International career
- 2023: Uruguay U23 / 4 / (0)

= Sebastián Figueredo =

Uruguayan footballer (born 2002)

Sebastián María Figueredo Vilar del Valle (born 25 August 2001) is a Uruguayan professional footballer who plays as a right-back for Georgian club Iberia 1999, on loan from Spanish side Leganés.

==Club career==
===Montevideo Wanderers===
Born in Montevideo, Figueredo was a Montevideo Wanderers youth graduate. He made was promoted to first team for the 2022 season, and made his professional – and Primera División – debut on 2 April of that year, starting in a 0–0 away draw against Danubio.

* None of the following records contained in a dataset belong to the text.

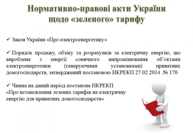 Нормативно-правовые акты Украины по «зеленому» тарифу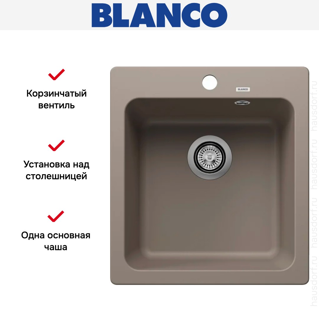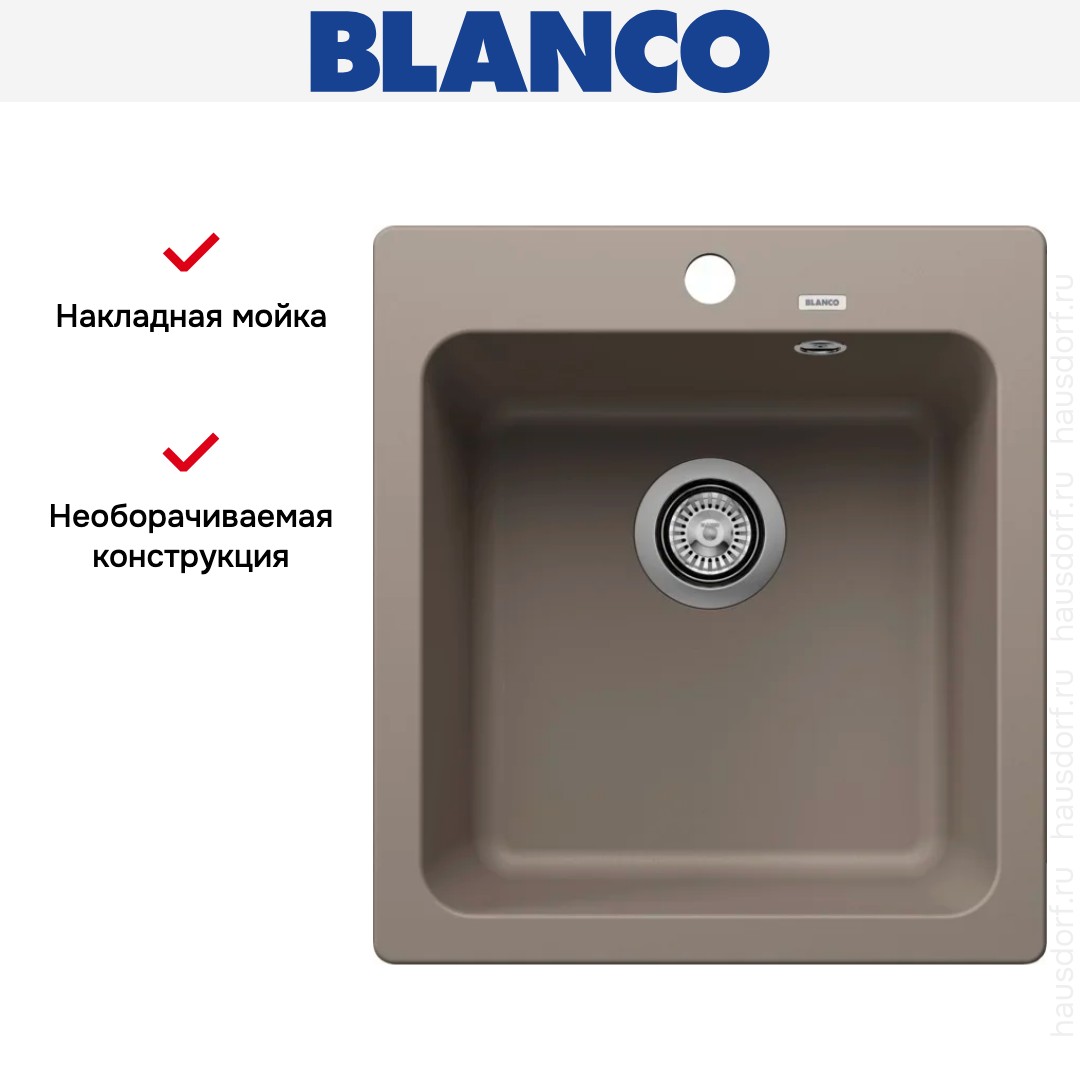 Накладная мойка Blanco — отличный выбор для тех, кто хочет создать гармоничное пространство с удобной сантехникой. простой в установке. Преимущество такой конструкции: легко подобрать практически к любой кухне и не придется демонтировать вместе с тумбой при ремонте или перестановке остальной мебели. Данная модель имеет стандартную форму, поэтому подходит большинству пользователей. Устанавливается над столешницей: это самый простой способ монтажа, зачастую с ним можно справиться даже без специалистов, главное — правильно рассчитать размеры ниши.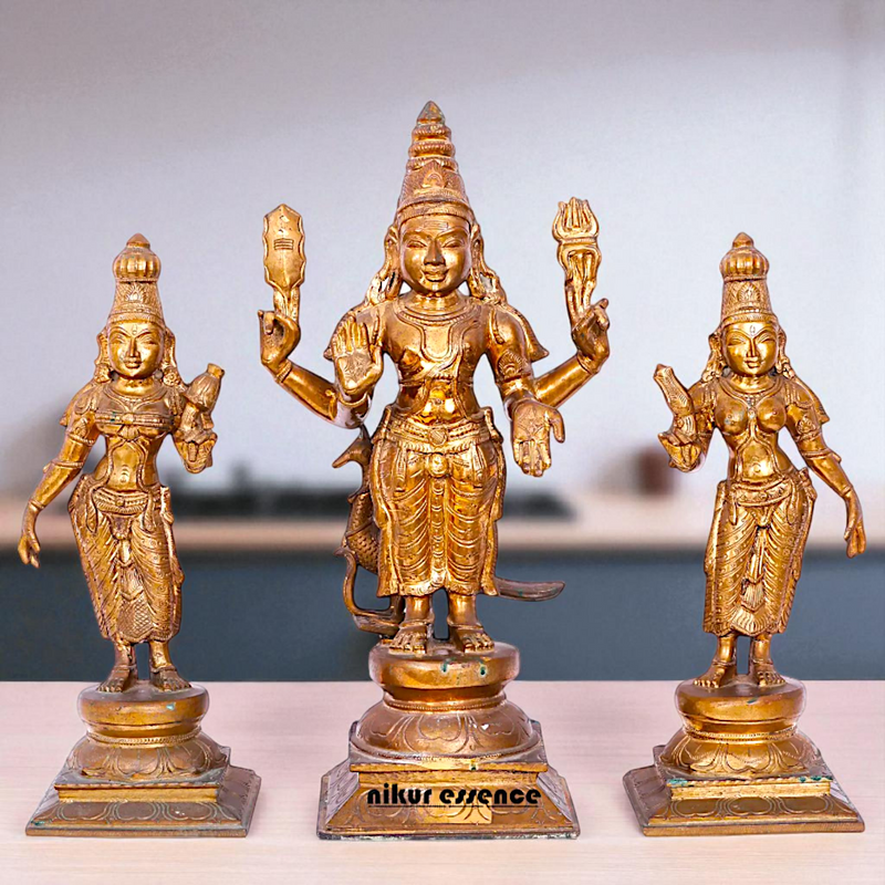 The Big Kartikeya with Goddess Devasena and Valli Blessing Standing Panchaloha Idol (20 Inches) is a magnificent representation of Lord Murugan, the divine warrior, standing with his consorts, Goddess Devasena and Goddess Valli. Symbolizing wisdom, courage, and divine harmony, this beautifully crafted idol is made from sacred Panchaloha (five-metal alloy), radiating spiritual energy and blessings. Ideal for temples, home altars, and Vastu placements, it invites protection, prosperity, and divine grace into your space. A must-have for devotees seeking Murugan’s blessings and guidance.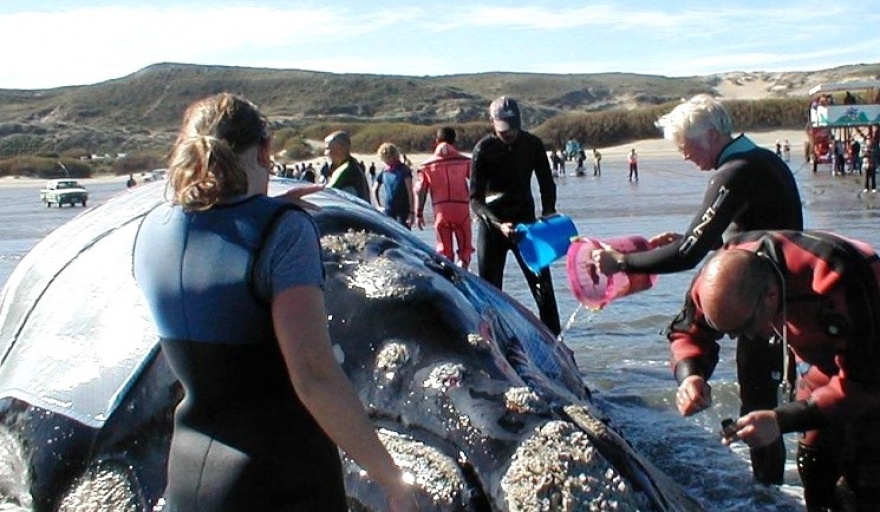 Los guías balleneros y buzos locales fueron los primeros que intentaron desenredarlo. Sin embargo, la imposibilidad de acceder a las cadenas bajo el agua, los llevó a tomar la decisión de vararla intencionalmente para cortar las cadenas en la playa, desafiando los peligros que representaba esta maniobra que sólo debe realizarse por especialistas entrenados.
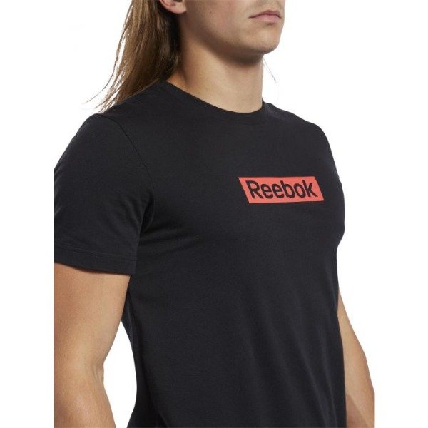 - Diseño: Presenta un cuello redondo, mangas cortas y un estampado con el logotipo lineal de Reebok en el pecho.

Figueredo scored his first professional goal on 1 July 2023, netting the fourth in a 4–0 home routing of River Plate Montevideo. In May of the following year, he broke his fifth metatarsus and was sidelined for nearly four months, but was unable to regain his starting spot upon returning.

===Leganés===
On 14 July 2025, Figueredo signed a three-year contract with Segunda División side Leganés. On 2 August of the following year, he was loaned to Georgian side Iberia 1999 for one year.

==International career==
In September 2023, Figueredo was called up to the Uruguay national under-23 team for the 2023 Pan American Games. He played in all four matches during the tournament as his side finished fifth.